DISPATCHES

GORE'S FLA. LEAD WIDENS. Al Gore would have been elected president and George W. Bush would still be signing death warrants in Texas if Palm Beach County officials had counted every dimpled punchcard ballot cast in last November's election, the Palm Beach Post reported March 11. A review of ballots in Palm Beach County showed a net gain of 784 votes for Gore if the county's three-member canvassing board had counted every ballot that had a hanging chad, pinhole, ding or dimple. That would have erased Bush's Florida 537-vote margin.

On Jan. 27, the Post reported that a review of 4,513 "undervotes" that had been disputed by Democrats or Republicans because of dimples or hanging chads showed a net gain of 682 for Gore. The March 11 report reflected the review of all 9,150 "undervotes."

The Post also found a net gain of 19 votes for Bush in Martin County, but a net gain of 111 for Gore in St. Lucie County.

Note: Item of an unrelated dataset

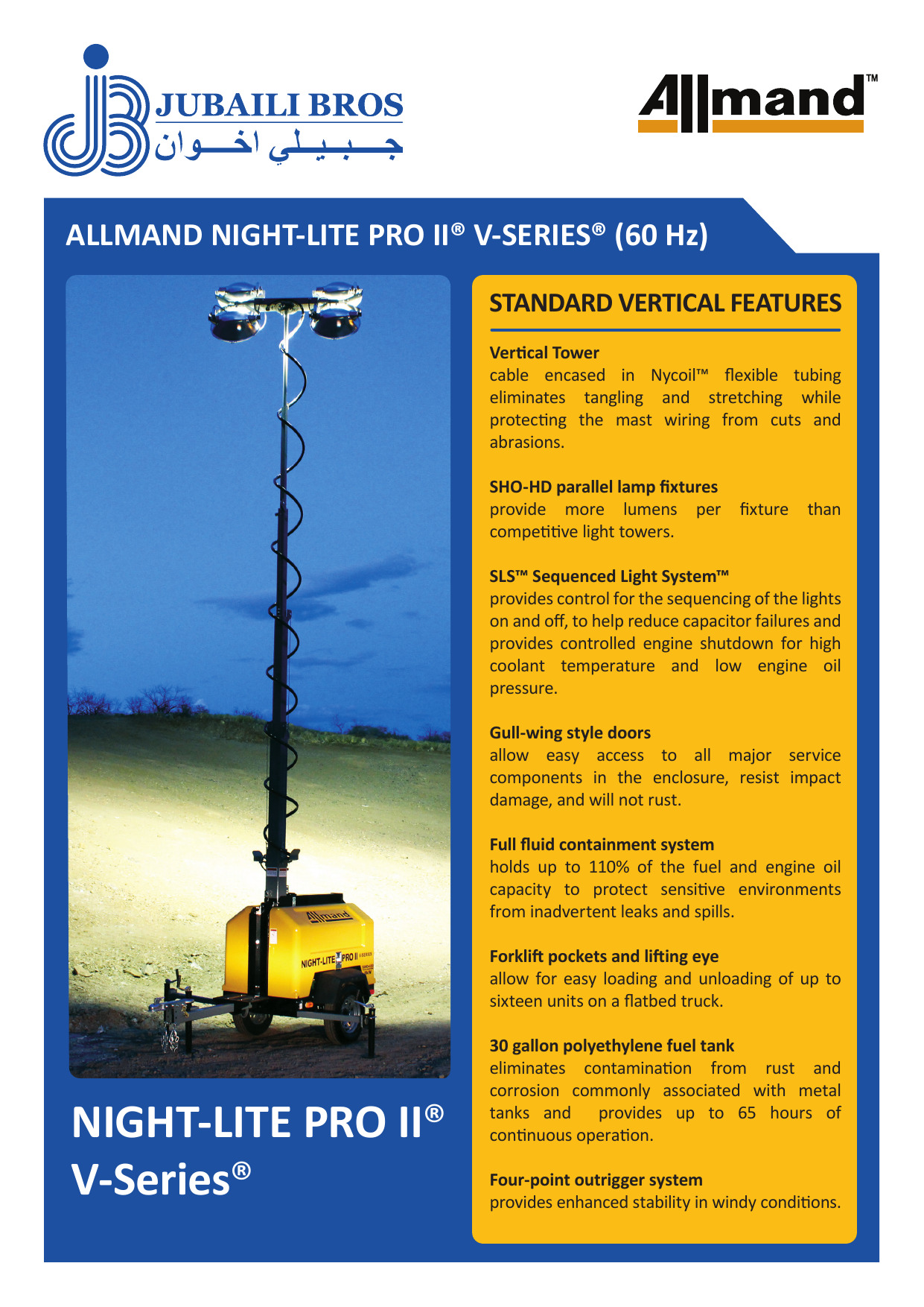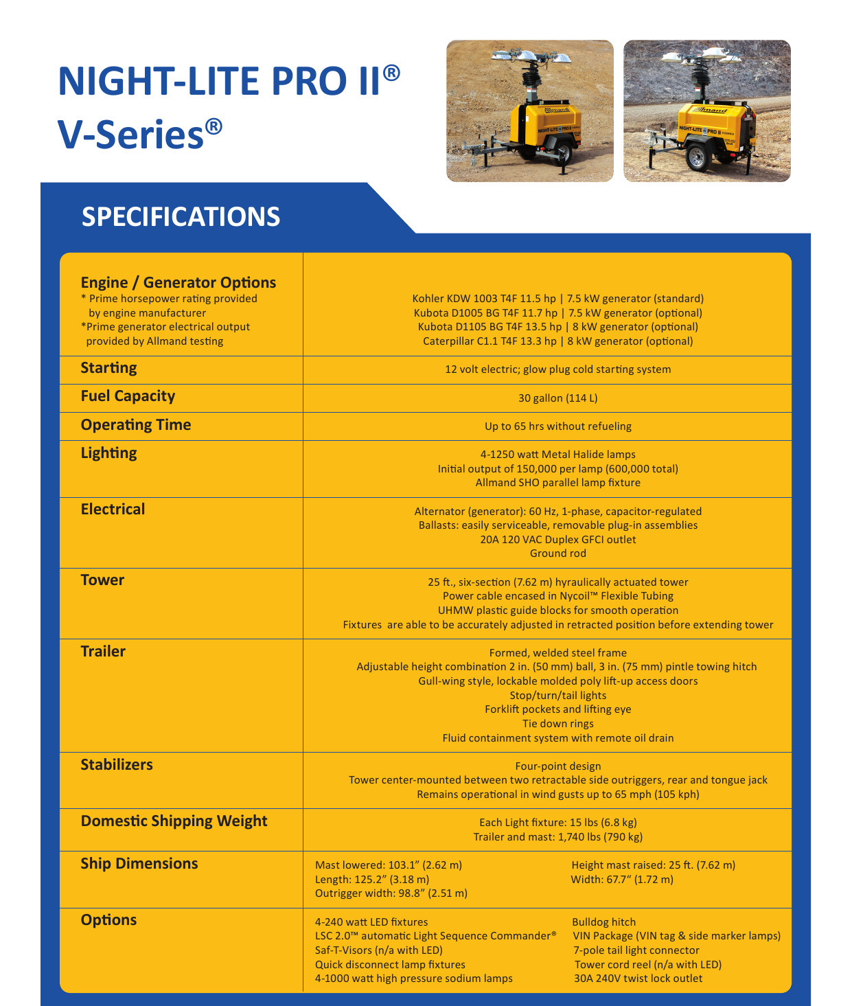 La serie V Allmand’s Night-Lite Pro II ofrece cuatro modelos de motor diferentes para satisfacer sus necesidades en el lugar de trabajo. La serie V presenta una torre vertical con cable de alimentación encerrado en un tubo flexible Nycoil ™ para eliminar enredos y estiramientos, mientras protege el cableado de la torre. Las lámparas SHO-HD proporcionan 135,500 lúmenes por lámpara, más que las torres de iluminación de la competencia. Con un tanque de combustible de polietileno de 30 galones y un sistema de contención de fluido completo que contiene hasta el 110% de todos los fluidos a bordo para proteger los entornos sensibles de fugas y derrames involuntarios. Esta torre de luz confiable maximizará su lugar de trabajo y la mantendrá en funcionamiento durante toda la noche.

The Post also found that confusion over the county's "butterfly" ballot cost Gore about 6,600 votes. The ballots show 5,330 Palm Beach County voters, many in Democratic strongholds, invalidated their ballot cards by punching chads for Gore and Reform Party candidate Pat Buchanan, whose hole on the punch card appeared just above Gore's. Another 2,908 voters punched Gore's name along with Socialist David McReynolds, whose hole on the card appeared just below Gore's. The two Gore combinations, minus those who voted for Bush and Buchanan, add up to 6,607 lost votes for Gore. "What it shows is what we've been saying all along -- there is no question that the majority of people on Election Day believed they left the booth voting for Al Gore," said Ron Klain, Gore's former chief of staff and his lead legal strategist in Florida.

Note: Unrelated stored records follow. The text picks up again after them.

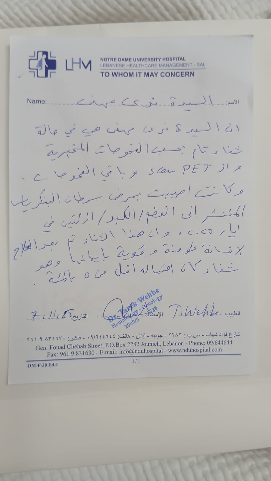 الطبيب طارق وهبه، الذي تابع حالتها، رأى في حلمه أنّ هاتفه رنّ، وصوت قال له إنّ المريضة التي فحصتها حصلت معها أعجوبة وشفيت، وبعدها جاءت النتائج لتؤكد الشفاء الكامل.
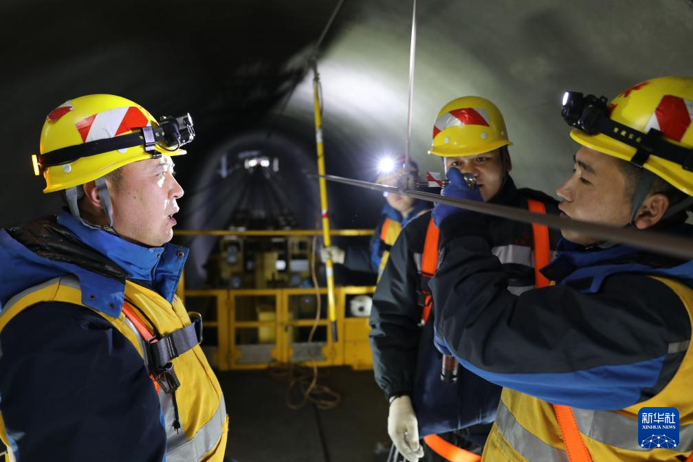 18日,在拉林鐵路色拉丘隧道內(nèi),拉薩基礎設施段林芝綜合維修車間的接觸網(wǎng)軌道作業(yè)車緩緩前行。5米高的作業(yè)平臺上,接觸網(wǎng)工人劉海軍手持工具,專注地為接觸網(wǎng)更換絕緣子,工具在接觸網(wǎng)設備間靈活穿梭。
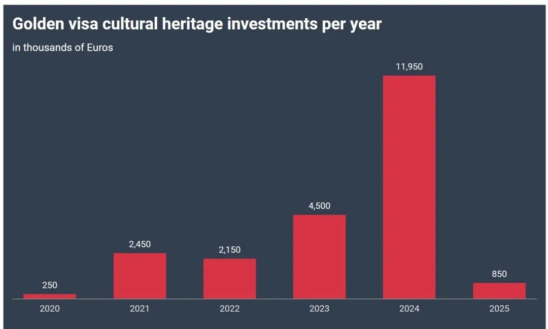 葡萄牙黄金签证文化遗产选项各年度投资额
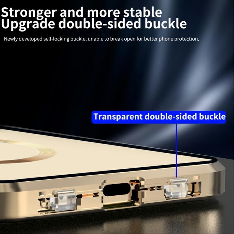 Doppelseitiges gehärtetes Glas+magnetischer Metallrahmen Anti-Drop Case für iPhone 15 kompatibel mit MagSafe Phone Cover mit Schnallenverschluss - Schwarz

The Orlando Sentinel on Feb. 11 reported that Gore would have gained 203 votes in Orange County if ballots that were rejected by scanners but clearly showed presidential preferences had been counted. However, the only recount that has received widespread media attention was the Feb. 26 report that Gore would have picked up only 49 votes in Miami-Dade County if the hand count of ballots ordered by the Florida Supreme Court had been completed and "dimpled" chads had been counted, according to a study done for USA Today, the Miami Herald and Knight Ridder Newspapers.

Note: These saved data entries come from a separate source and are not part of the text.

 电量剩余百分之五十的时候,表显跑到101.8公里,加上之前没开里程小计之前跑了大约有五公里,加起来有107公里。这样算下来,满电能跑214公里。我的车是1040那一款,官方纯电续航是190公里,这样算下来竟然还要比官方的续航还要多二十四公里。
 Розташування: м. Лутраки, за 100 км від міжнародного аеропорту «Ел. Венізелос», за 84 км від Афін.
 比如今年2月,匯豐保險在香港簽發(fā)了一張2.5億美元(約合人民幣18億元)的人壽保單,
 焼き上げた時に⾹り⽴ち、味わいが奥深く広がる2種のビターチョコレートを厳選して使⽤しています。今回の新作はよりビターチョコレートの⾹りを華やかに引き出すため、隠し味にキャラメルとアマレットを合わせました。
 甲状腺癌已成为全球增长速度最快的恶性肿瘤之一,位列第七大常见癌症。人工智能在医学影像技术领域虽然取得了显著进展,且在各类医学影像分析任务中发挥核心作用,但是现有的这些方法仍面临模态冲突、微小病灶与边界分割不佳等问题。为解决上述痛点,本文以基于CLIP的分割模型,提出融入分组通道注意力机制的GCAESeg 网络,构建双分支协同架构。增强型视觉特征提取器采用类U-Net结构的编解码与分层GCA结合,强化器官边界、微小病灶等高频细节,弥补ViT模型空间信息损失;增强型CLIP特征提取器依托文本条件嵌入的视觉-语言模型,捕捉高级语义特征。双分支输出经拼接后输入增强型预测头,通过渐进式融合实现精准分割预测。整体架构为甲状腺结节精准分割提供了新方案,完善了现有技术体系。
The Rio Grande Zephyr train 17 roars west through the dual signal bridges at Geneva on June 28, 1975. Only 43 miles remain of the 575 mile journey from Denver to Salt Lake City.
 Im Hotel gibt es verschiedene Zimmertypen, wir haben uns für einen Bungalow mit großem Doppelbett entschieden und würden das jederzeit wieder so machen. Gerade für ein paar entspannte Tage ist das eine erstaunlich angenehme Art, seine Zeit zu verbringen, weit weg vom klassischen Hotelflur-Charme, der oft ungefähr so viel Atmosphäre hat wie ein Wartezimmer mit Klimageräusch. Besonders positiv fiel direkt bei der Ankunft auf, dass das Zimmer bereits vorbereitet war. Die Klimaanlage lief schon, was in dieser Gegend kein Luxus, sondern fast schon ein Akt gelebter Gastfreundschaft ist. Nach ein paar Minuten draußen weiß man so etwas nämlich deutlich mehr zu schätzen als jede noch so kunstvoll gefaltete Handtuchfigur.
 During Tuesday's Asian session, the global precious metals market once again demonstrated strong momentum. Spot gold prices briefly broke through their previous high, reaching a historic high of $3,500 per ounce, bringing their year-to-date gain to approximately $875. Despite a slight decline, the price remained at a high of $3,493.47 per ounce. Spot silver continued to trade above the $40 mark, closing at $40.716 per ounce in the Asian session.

MEDIA IGNORES CIVIL RIGHTS REPORT. Jerry White of liberalslant.com noted that the US Commission on Civil Rights' blistering preliminary report on voter disenfranchisement in Florida, released Friday, March 9, received little attention by the news media. After two hearings in Florida, the commission found that prior to election day key state officials anticipated that there would be an increase in voter turnout, but failed to ensure that precincts in all communities received adequate resources to cope with the greater influx of voters, with the short shrift most glaring in working class and minority neighborhoods. White noted that Berry's politically explosive report was the lead story on CBS radio news at 11 a.m. Friday, shortly after the report was issued, but CNN's Headline News made no mention of the commission report, nor did the evening TV news broadcasts of NBC, nor CBS, nor ABC.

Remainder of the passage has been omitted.